Die Handelstypen helfen Unternehmen dabei, die verschiedenen Kundengruppen gezielter anzusprechen. Kunden aus dem „Health First“-, „Society First“- und „Planet First“-Segment können sie zum Beispiel überzeugen, in dem sie Lieferbedingungen, Produktherkunft oder die Preisgestaltung transparent gestalten. Technologien wie Blockchain und Plattformen mit CO2-Rechnern, um den ökologischen Fußabdruck zu ermitteln, sind nur zwei Werkzeuge, die Unternehmen dabei helfen, die Bedürfnisse ihrer Kunden zu adressieren und die Markenattraktivität zu steigern. Darüber hinaus sollten Unternehmen in nachhaltige und sozial verträgliche Lieferketten investieren und Transparenz schaffen, sodass die Menschen auf sie vertrauen können.

4. Organisatorische Transformation

Die Corona-Krise zeigt auch, wie wichtig die Transformation der Organisation ist. Unternehmen, die sich schnell auf die veränderten Kundenbedürfnisse einstellen und neben dem Erhalt des Kerngeschäfts auch Experimente für Neues zulassen, werden die Krise erfolgreich meistern. Innovation ist kein Luxusthema, das COVID-19 zum Opfer fallen sollte – ganz im Gegenteil: Innovation wird ein wesentlicher Wachstumstreiber in den Phasen Now, Next und Beyond.

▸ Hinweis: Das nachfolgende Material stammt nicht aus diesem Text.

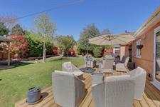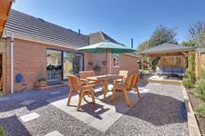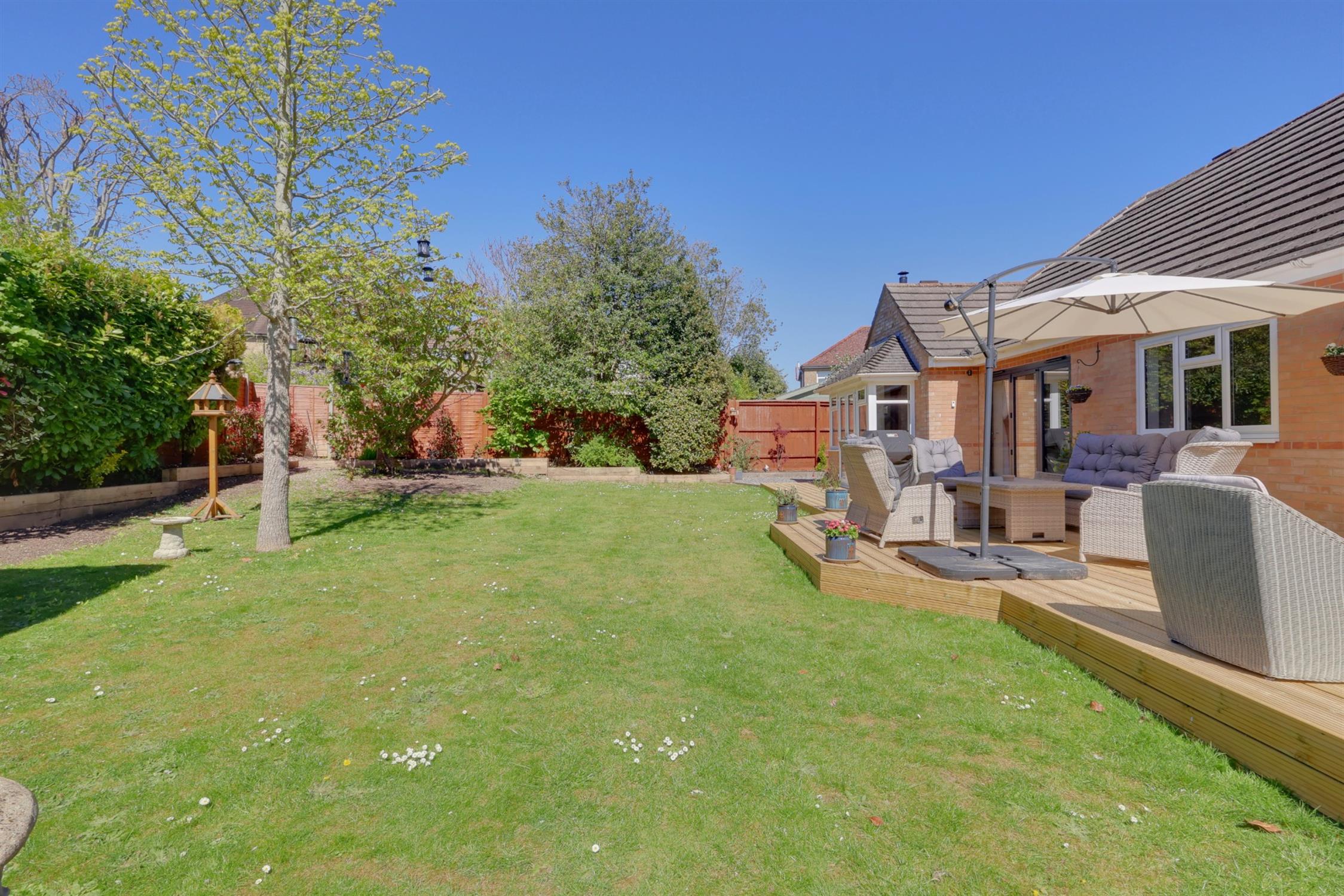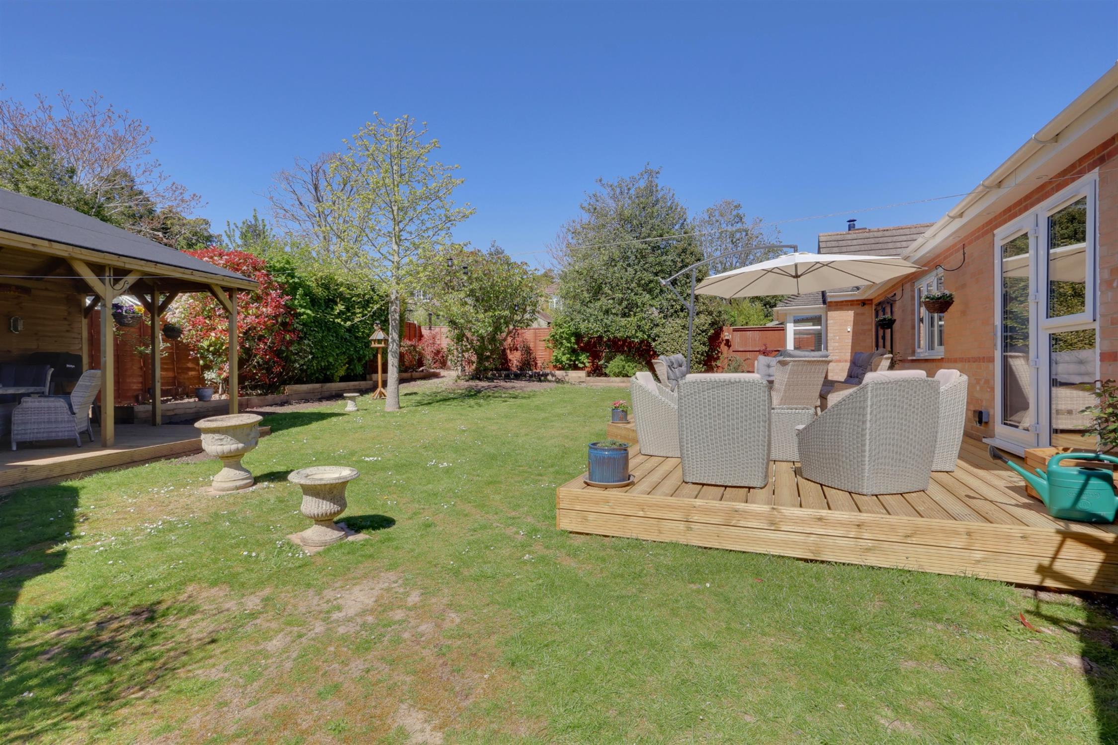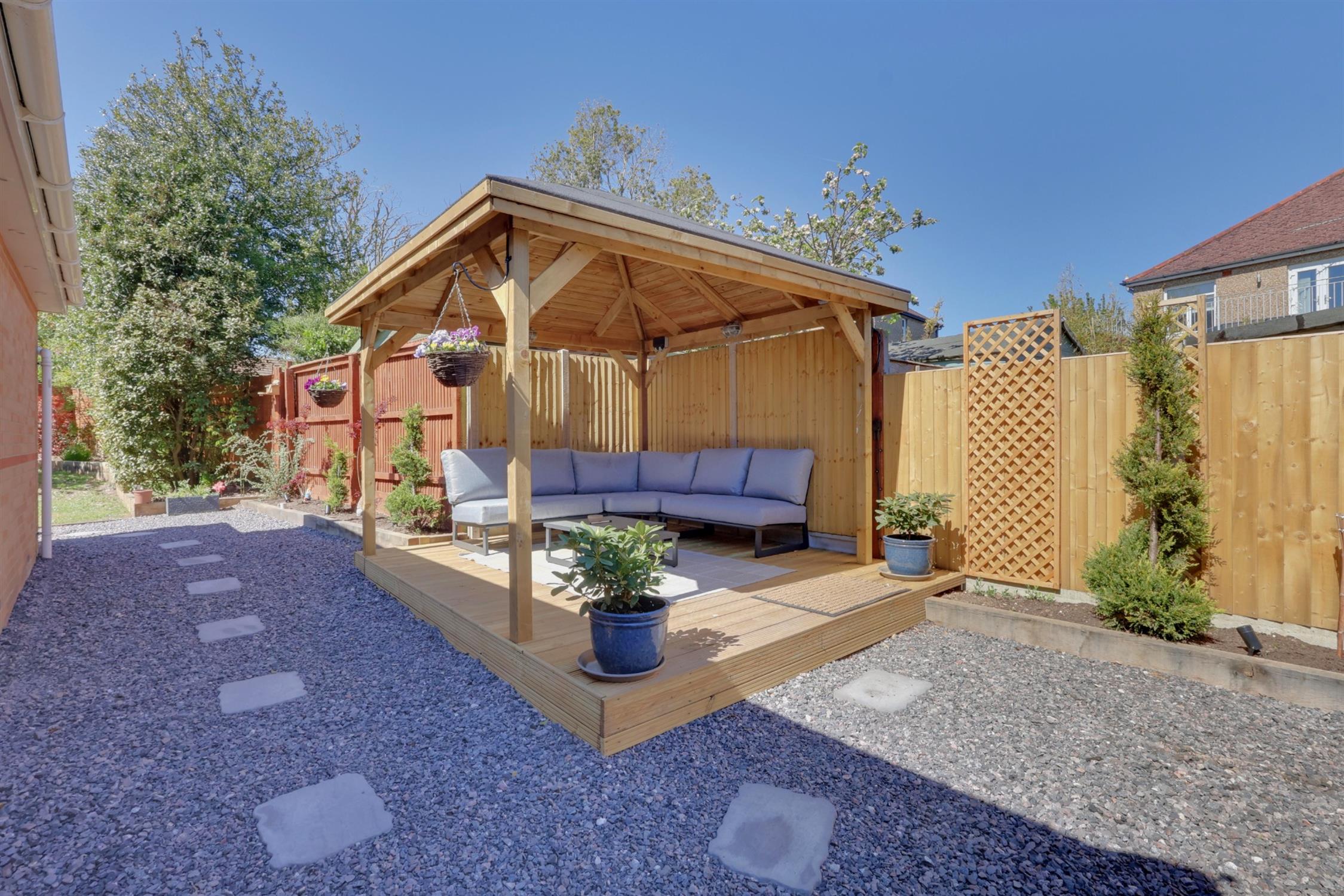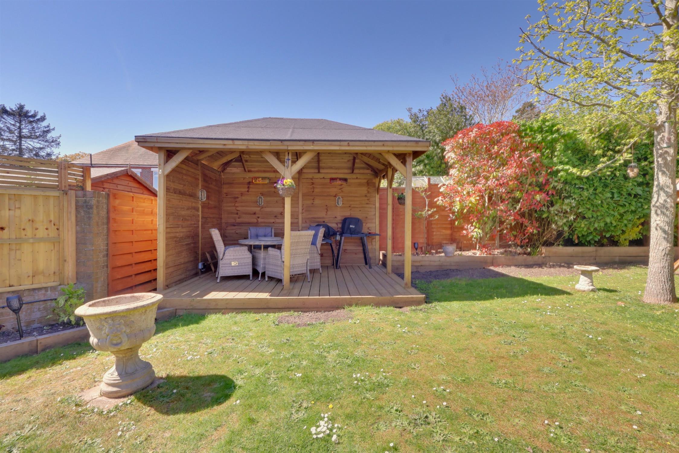 Laid to decking and lawn, mature shrubs and borders, Pergoda with power and light, gated side access, outside lighting.
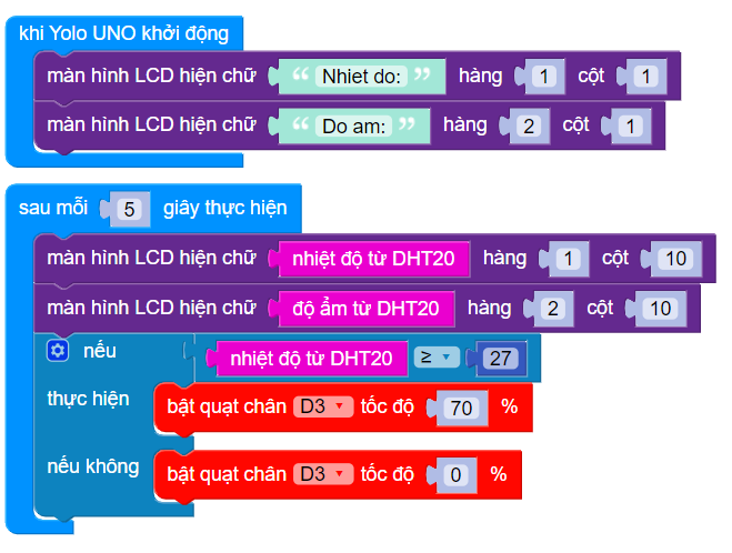 Nếu nhiệt độ lớn hơn 27 độ thì quạt sẽ bật

In der akuten Corona-Krise reagierten verschiedene Branchen clever und stellten ihre Produktion auf Masken, Beatmungssysteme oder Desinfektionsmittel um. Mittelfristig wurden neue Geschäftsmodelle oder Lösungen als „Workaround“ etabliert. Künftig wird es darum gehen, durch organisatorische Maßnahmen diesen Innovations-Spirit beizubehalten oder – noch besser – zu verstärken. Hier sind Maßnahmen wie die Einführung von Design Thinking, Lean Start-up, Rapid Prototyping und agiler Entwicklung ebenso wichtig wie ein kultureller Wandel und der Aufbau einer digitalen Führungskultur. Das Zielbild könnte ein echter End-to-End-Innovationsprozess sein, der sowohl langfristige Trends durch Monitoring im Blick behält, als auch kurzfristige „Schocks“ aufnimmt und aus beiden gleichermaßen Produktideen generiert.

  • Methodik

    In der Woche vom 8. Juni 2020 haben wir insgesamt 14.074 Konsumenten – davon 1.006 in Deutschland – in den USA, Kanada, Brasilien, Großbritannien, Frankreich, Deutschland, Schweden, Norwegen, Finnland, Dänemark, Indien, Indonesien, den Vereinigten Arabischen Emiraten, Saudi-Arabien, China, Japan, Australien und Neuseeland befragt. Der Fragebogen der Umfrage deckte das aktuelle Verhalten in der Krise, die Stimmung und die Absichten nach der Krise ab.

Fazit

Die aktuellen Ergebnisse des Future Consumer Index zeigen: Die Corona-Pandemie beeinflusst das Kaufverhalten der Menschen weltweit nachhaltig. Wenn Unternehmen frühzeitig auf die Veränderungen reagieren und die verschiedenen Kundentypen mit ihren jeweiligen Bedürfnissen konsequent in den Mittelpunkt stellen, haben sie die Chance, auch in Zukunft eine wichtige Rolle auf dem Markt zu spielen.